ISBN 978-1-5272-3212-9 Contact firstname.lastname@example.org
Contributed by Shayma from Kuwait. We used to eat a version of this on Wednesday lunchtimes in the Egyptian school where I taught. It is made with a plant that is hard to find in Europe, so Shayma uses spinach instead. It is a beautiful colourful side dish, a hearty accompaniment to grilled meat, fish, or beans. Vegans can enjoy it, too, if you substitute the butter in the spinach for non animal oil. It’s served in three layers, and I wish my photos were as lovely as the one in the book.
- The roast vegetables. Hot oven (200C or 400 F). In a large mixing bowl stir together 4 tablespoons olive oil, 2 tablespoons ground coriander, and 2 teaspoons salt until they make a paste. Add 2 aubergines (eggplants) sliced 1 cm (1/2 inch) thick, 2 red peppers sliced 1 cm thick, and 2 red onions sliced likewise. Mix well to coat them oil with the oil. Divide the mixed vegetables evenly between two roasting pans and roast for about 30 minutes, until aubergine is tender and golden brown, rotating the pans front to back and top to bottom halfway through cooking.

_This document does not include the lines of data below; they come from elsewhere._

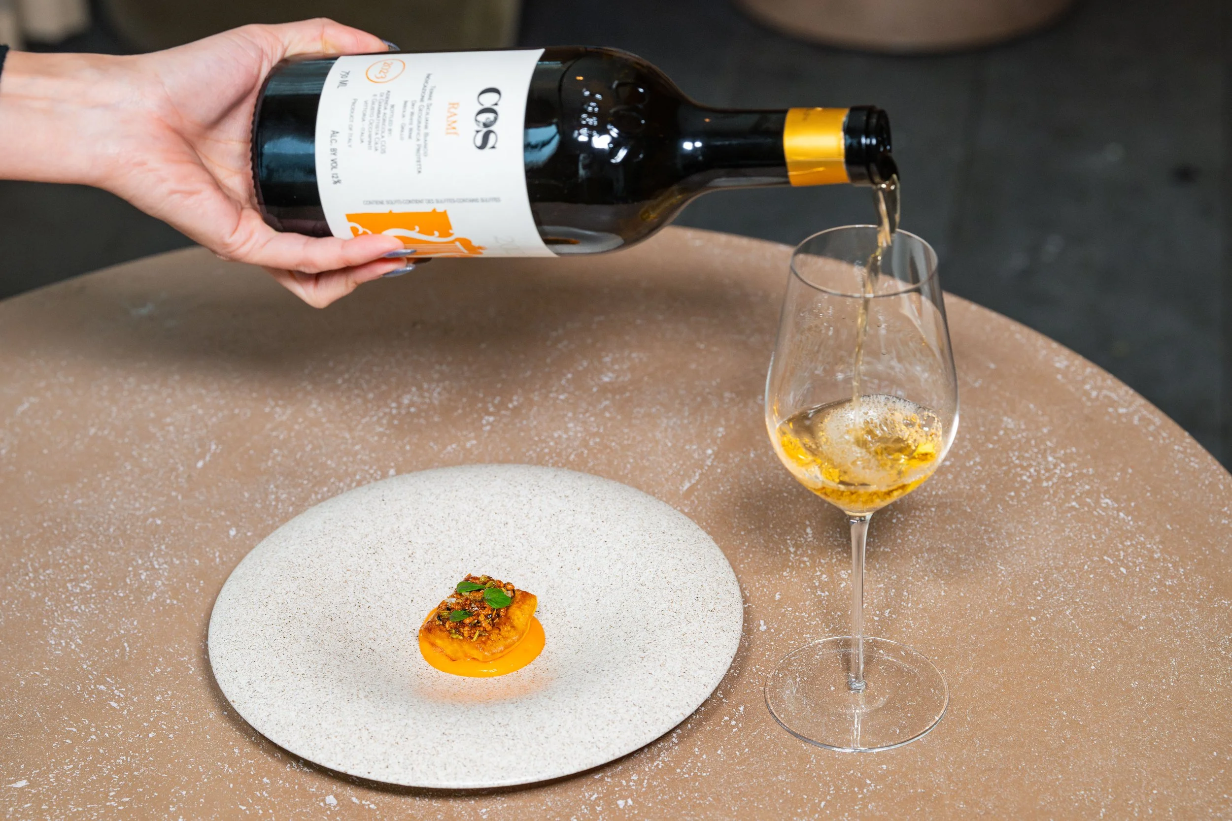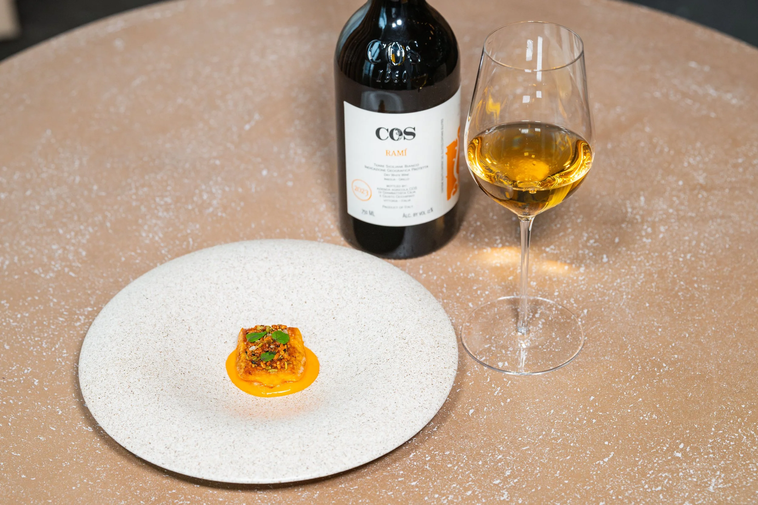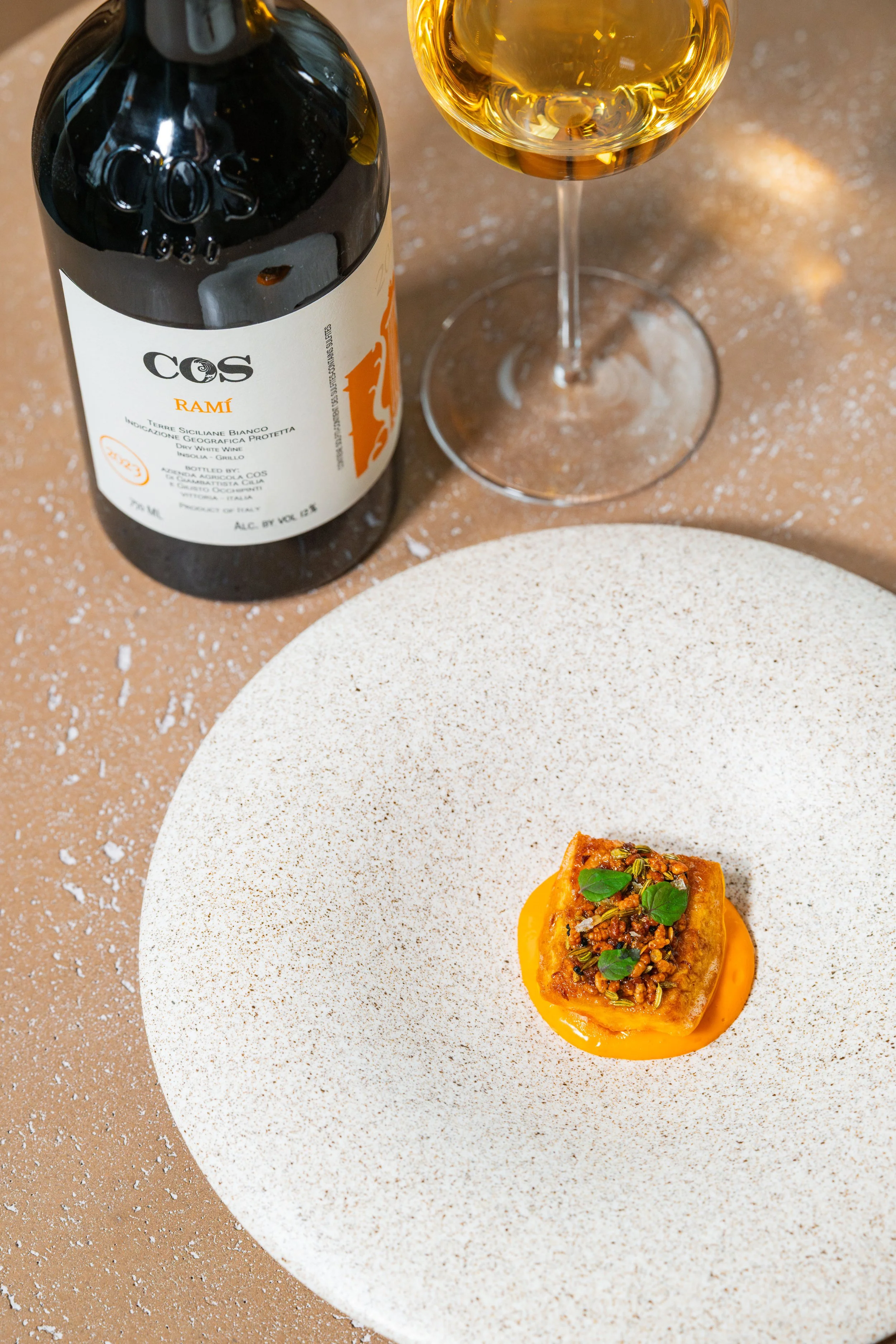 Roasted Delicata Squash, Fermented Tomato Sauce Choron, Salsa Seca, Shiso paired with Grillo/Insolia, Cos, Rami, Vittoria, Sicily, Italy, 2023
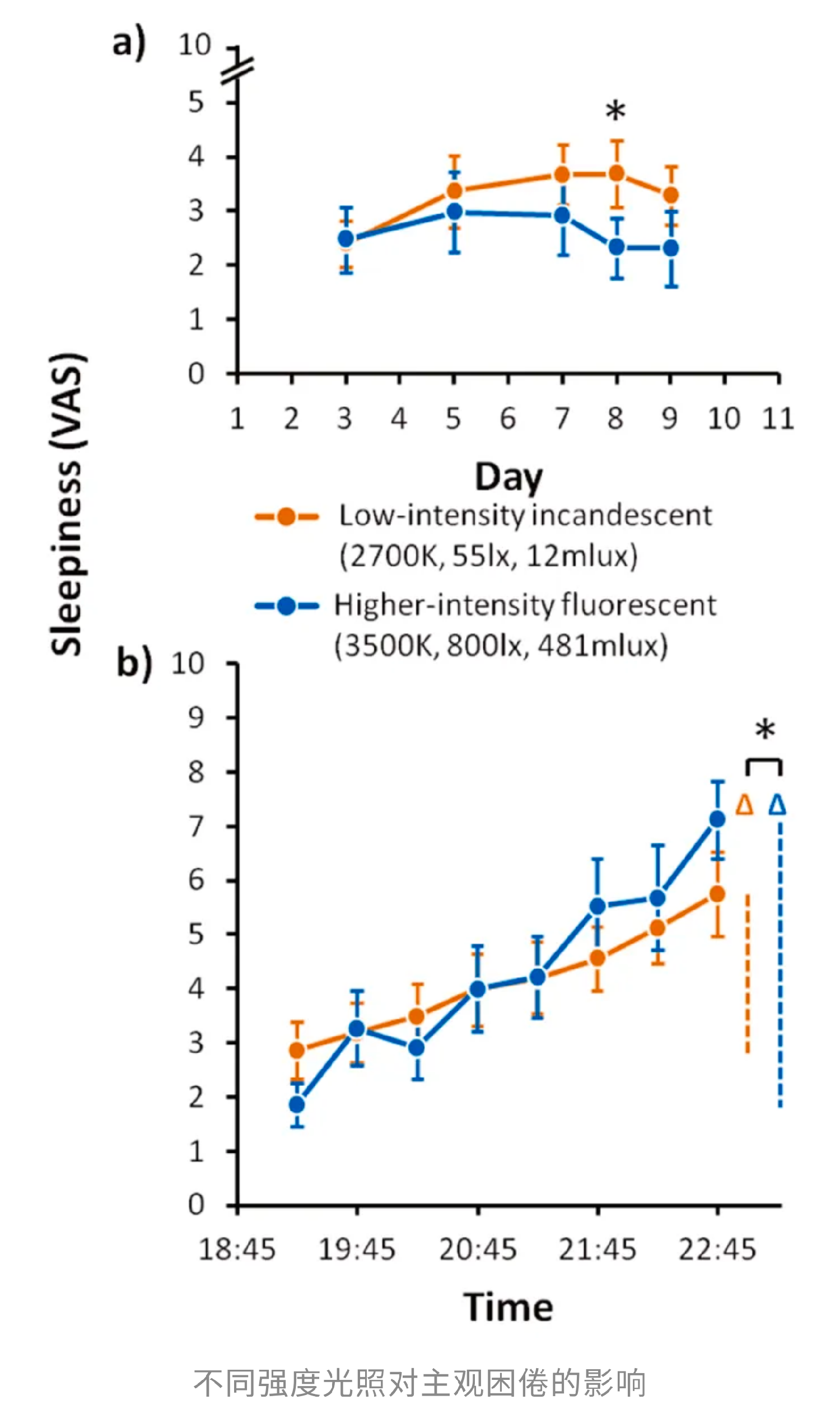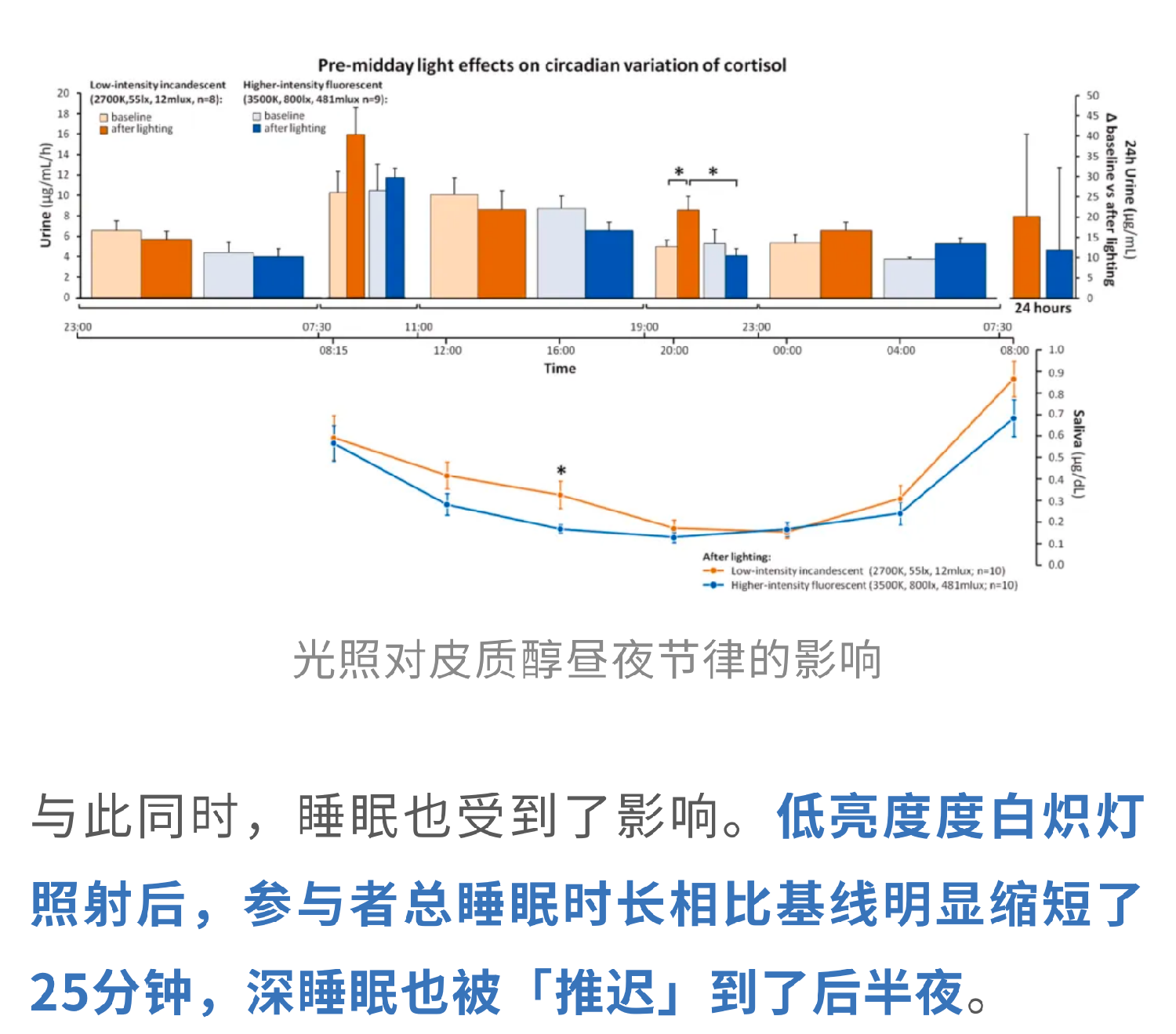 而低亮度白炽灯组参与者次日早晨的皮质醇水平依然略高于高亮度荧光灯组的参与者。
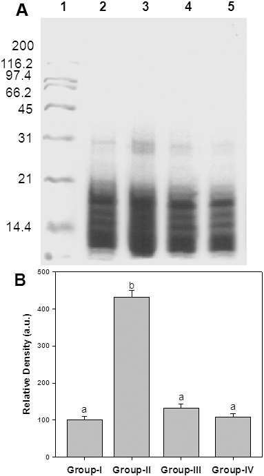 Lane 4 - Group III; Lane 5 - Group IV. B: Densitometric
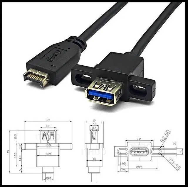 USB 3.2 front panel cable of TYPE-E KEY-A to USB-AM short cable 10G chassis with screw holes present
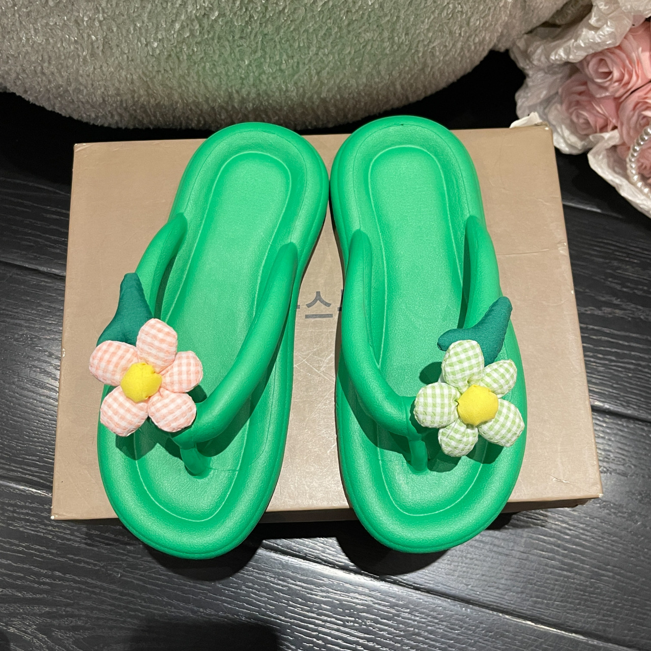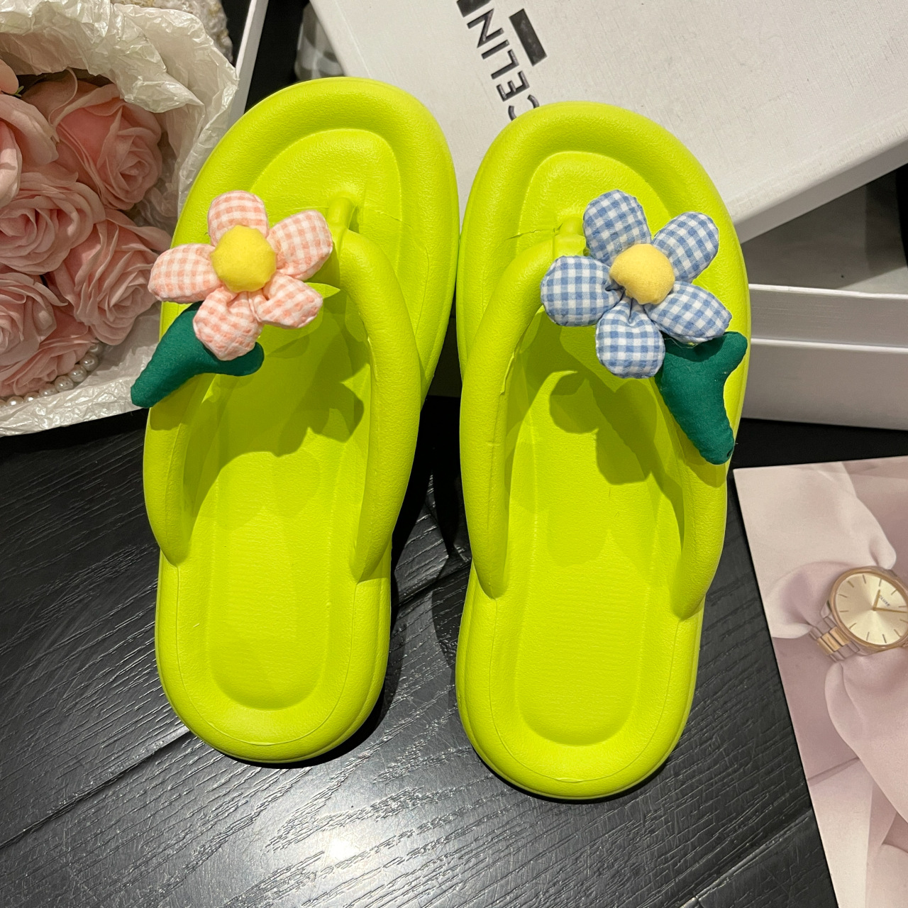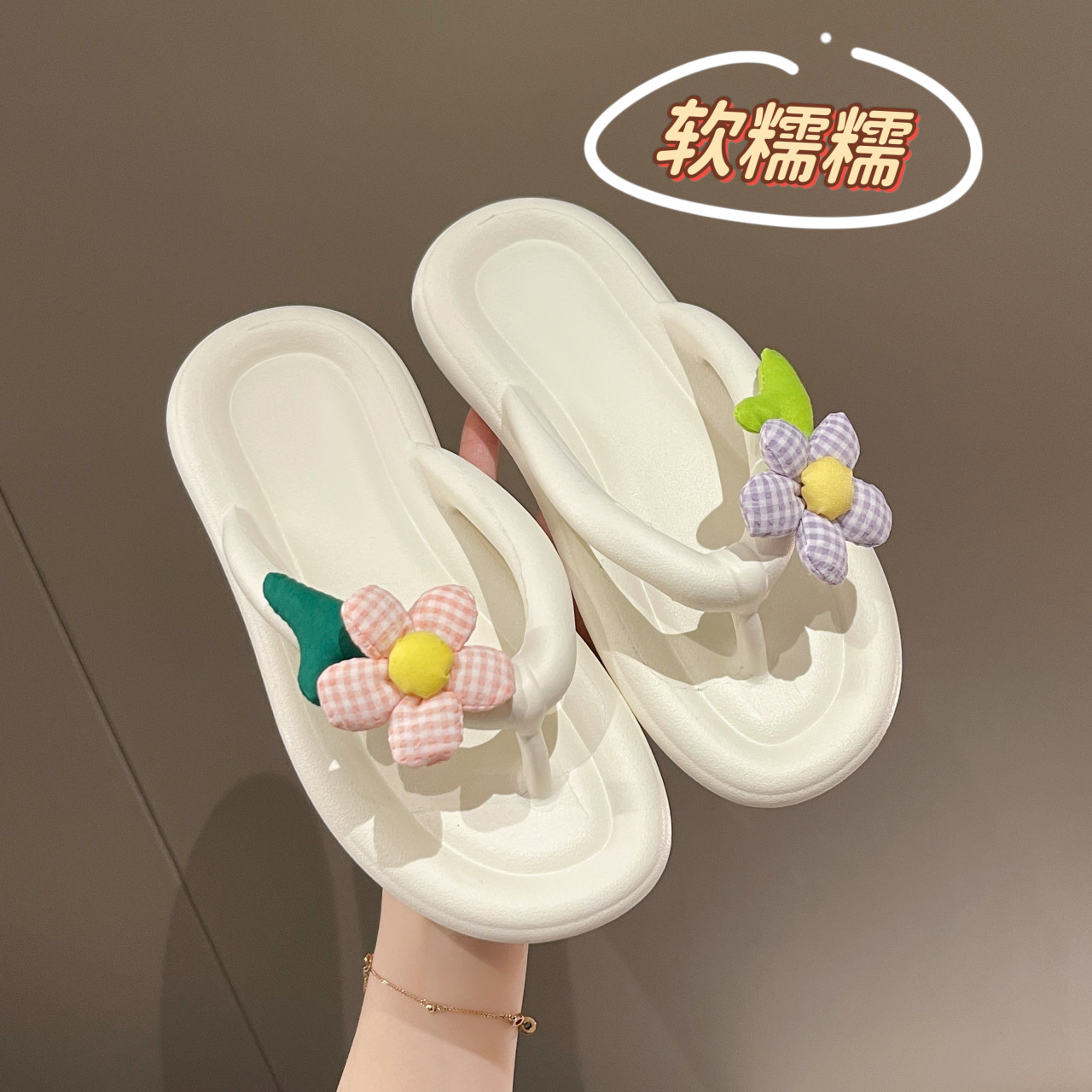 귀여운 소녀의 슬리퍼 여성용 겉옷 부드러운 바닥 배설물 플립 플롭 욕실 목욕 2023 여름 새로운 꽃 샌들스토어 가기

- Cook Rice according to your preferred way.
- Saute spinach (with stems, I notice from the photo) in melted butter/oil with 1 bayleaf, and 1 cinnamon stick until coated with oil. Add 8 ozs (1 cup) vegetable stock. Cook for two minutes.
Build your presentation! Pile rice into a large serving bowl. Top with spinach, and then the vegetables. Eat hot.
Note: This would taste good with Hamid’s (from Iran) spiked rosemary bread. It is an old recipe from Bukhara in Uzbekistan. I’d never made bread with ras el hanout before. Just managed to snap a picture before it disappeared into us!